Analyser, notamment les phénomènes sociétaux.

« Depuis qu’une littérature raconte que les jeunes peuvent choisir leur genre, un nombre croissant de préadolescentes prennent des doses élevées de testostérone. Elles constatent que leur voix devient grave, leurs règles disparaissent et que du poil pousse sous leur nez. »

Douter, autrefois la sagesse populaire préconisait de « Ne rien prendre pour argent comptant ».

Notre environnement numérique, virtuel nous fait vivre en groupe et en même temps à vivre sans les autres. Sans pouvoir décrypter les visages et les éventuels signes d’incongruence, à s’intéresser à l’autre sans jugement, juste avec empathie. Tout ce savoir, cette source de richesses se perd.

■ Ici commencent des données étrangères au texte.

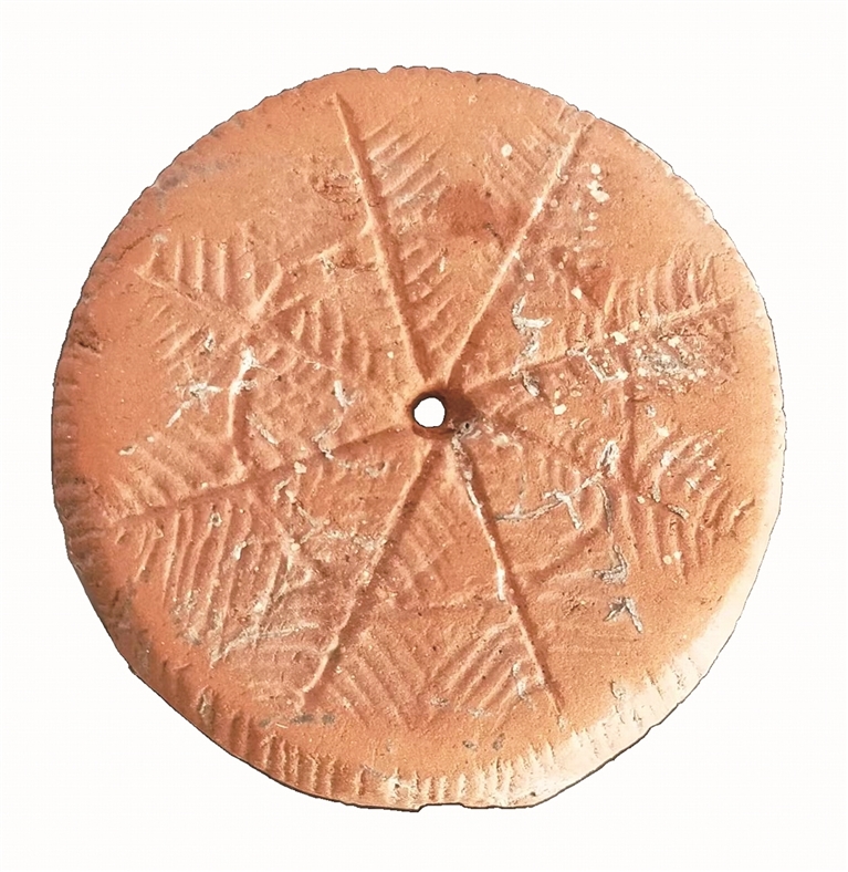 十字纹红陶纺轮(图3),泥质红陶,圆饼状,直径6.6、厚1厘米,底部平面,表面对称刻画十字纹,边缘微薄。
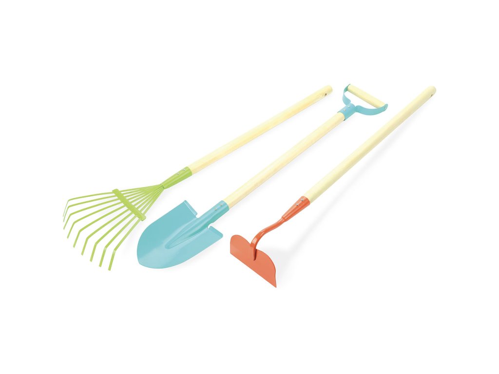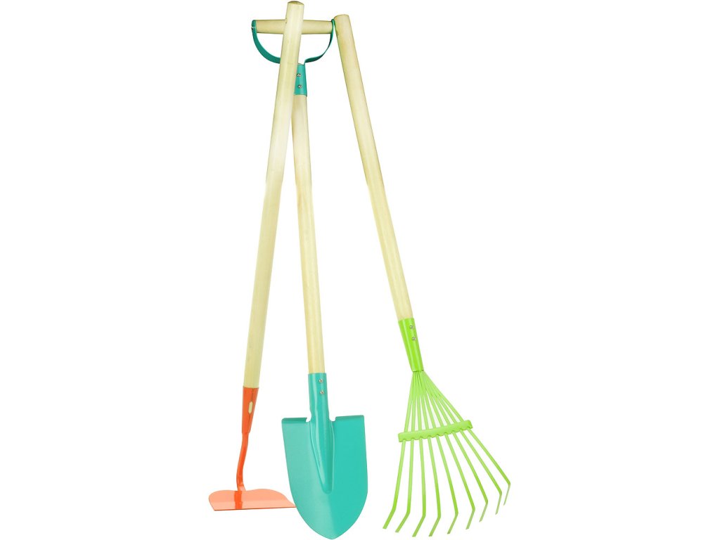 Velký zahradnický set obsahuje rukavice, motyku, hrábě a rýč. Zahradničte jako profesionálové! Skvělá hračka, která děti učí péči o zahradu. Vyrobeno z kovu a dřeva. Hlavní vlastnosti: ideální velikost pro dětirozvíjí motoriku, rovnováhu a vztah k příroděvyrobeno z kovu, dřevěná násada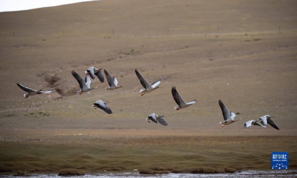 這是9月24日在羌塘國家級自然保護(hù)區(qū)拍攝的飛翔的斑頭雁。新華社記者 晉美多吉 攝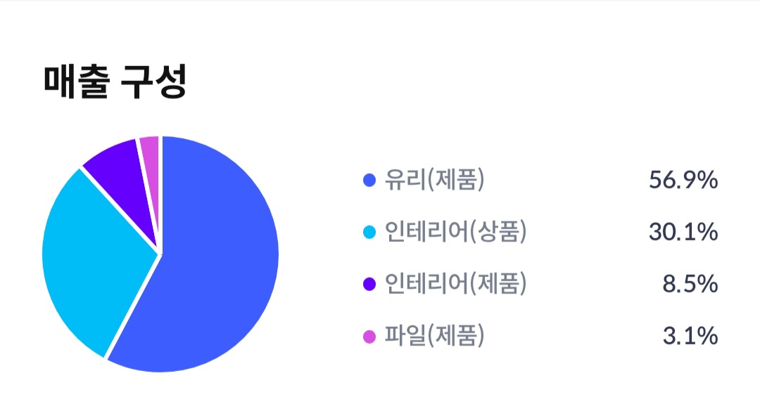 KCC글라스는 유리(제품) 56.9%, 인테리어(상품) 30.1%, 인테리어(제품), 8.5%, 파일(제품) 3.1%의 매출 구성을 하고 있습니다. 50%이상의 매출은 유리(제품)에서 발생하고 있습니다.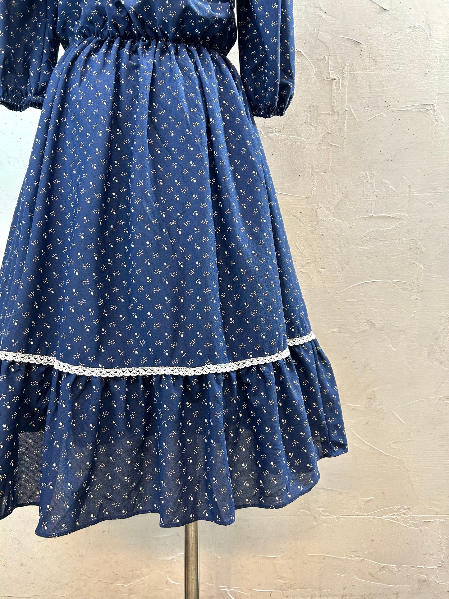 ネイビー&ホワイトの花柄にレースが可愛らしい1着。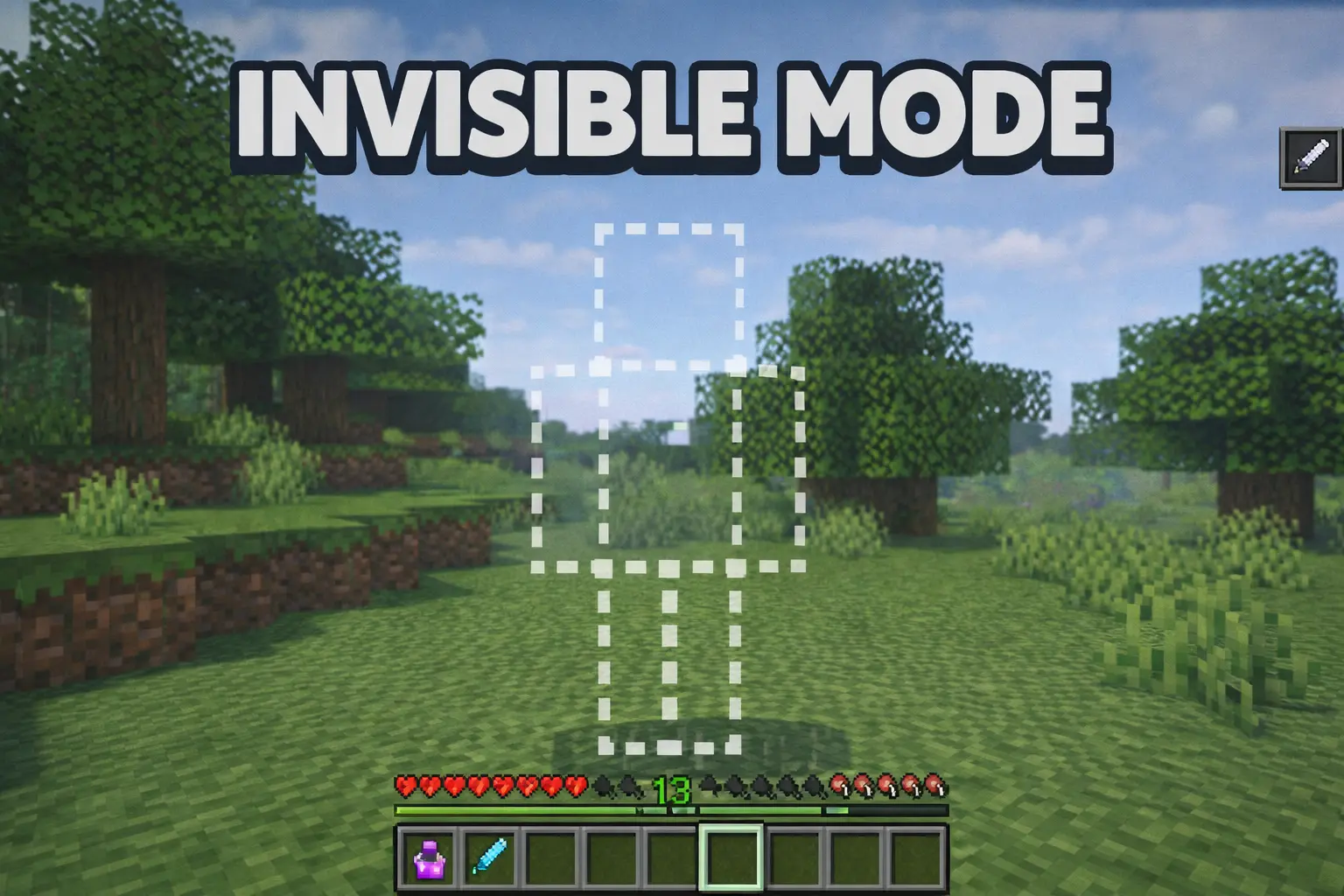 INVISIBLE MODE Mod is one of those quick, fun utility addons that instantly changes how you move around your world. The main mechanic is super straightforward: when you sneak, you go completely invisible for 10 seconds. That short timer makes it feel like a skill you pop at the right moment instead of some permanent “cheat mode,” which keeps it interesting in survival and multiplayer.

Engranger, pour cela il faut avoir des interactions et des bases pour analyser les situations qui se présentent.

Sans les autres c’est la mort.

La sécurisation de l’enfant est la base.

Apprendre à penser par soi-même, confronter ses idées, etc.

Sortir du silence.

Le savoir de terrain est indispensable, mais notre monde actuel est davantage peuplé de mangeurs de vent que de laboureurs.

Et la tendance est à ne pas écouter les laboureurs.

En refermant ce livre, vous vous interrogerez sur les outils que vous possédez pour agir sur le réel.

Votre degré de liberté engendre votre degré de responsabilité.

Une réflexion éclairante, un besoin vital.